How to Evaluate AI Agents Before Shipping to Prod

Building an agent is the easy part. Knowing whether it actually works in production is the field's biggest unsolved problem. Solo.io CEO Idit Levine put it plainly at KubeCon Europe: organizations have frameworks for building agents, gateways for connecting them, and registries for governing them — but no consistent way to know if an agent is actually reliable enough to trust in production.

That gap is why teams ship agents that look fine in demos and collapse on real workloads. An agent that routes Kubernetes traffic correctly 80% of the time isn't an 80% solution — it's a production incident waiting to happen. Evaluation isn't a nice-to-have; it's the difference between a useful system and an expensive liability.

This guide covers the mental models, frameworks, and practical checklists you need to evaluate agents before they touch production traffic.

The Core Problem: What You're Actually Measuring

Most teams evaluate agents the way they evaluate static models — run a benchmark, get a number, ship. This breaks down for agents because agent performance depends on three things simultaneously: the underlying model, the scaffold wrapping it, and the task distribution you're testing on.

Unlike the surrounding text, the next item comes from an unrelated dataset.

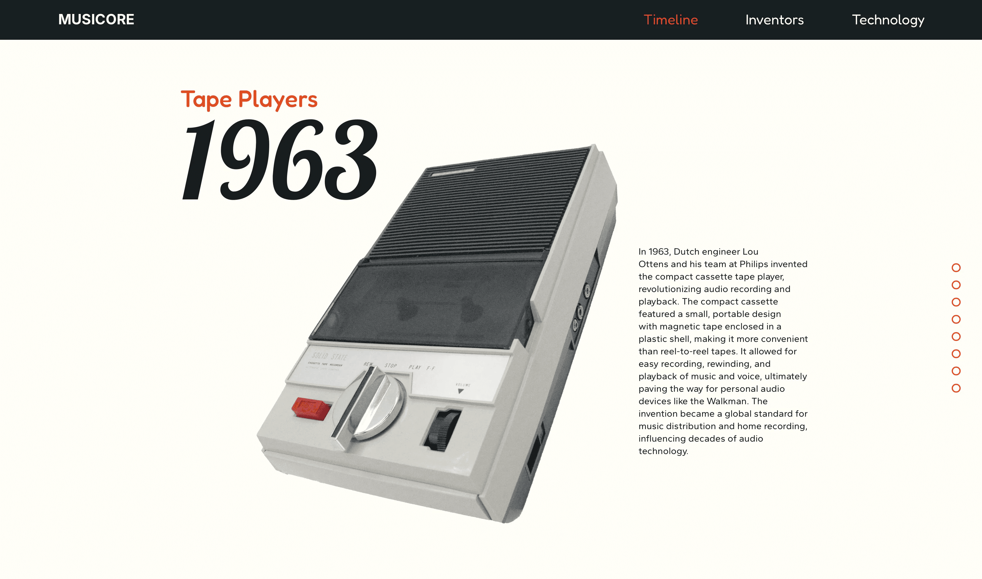 I focused on presenting information in a clear, engaging way, highlighting the unique features of each device while maintaining a structured and easy-to-navigate layout. Through this project, I aimed to combine visual storytelling with user-friendly interaction, making complex technological history accessible and enjoyable to explore.

Research from arXiv studying 33 agent scaffolds and 70+ model configurations found that absolute score prediction degrades badly when you change the scaffold around the same model — but rank-order prediction stays stable. This asymmetry matters: you can reliably say "agent A is better than agent B" even when you can't predict their exact scores under new conditions. Build your eval process around ranking, not absolute numbers.

The second core problem is conflating two fundamentally different failure modes: accuracy failures and experience failures. The EVA framework from ServiceNow, built for voice agents but applicable broadly, makes this split explicit. An agent can reach the correct end state — book the flight, update the routing rule, answer the question — while fabricating a policy detail, misreading a confirmation code, or overwhelming the user with information they can't process. Task completion is a necessary but insufficient signal.

No current agent configuration dominates both accuracy and experience simultaneously. That means you need to decide upfront which failure mode is more acceptable for your specific use case, and design your eval accordingly.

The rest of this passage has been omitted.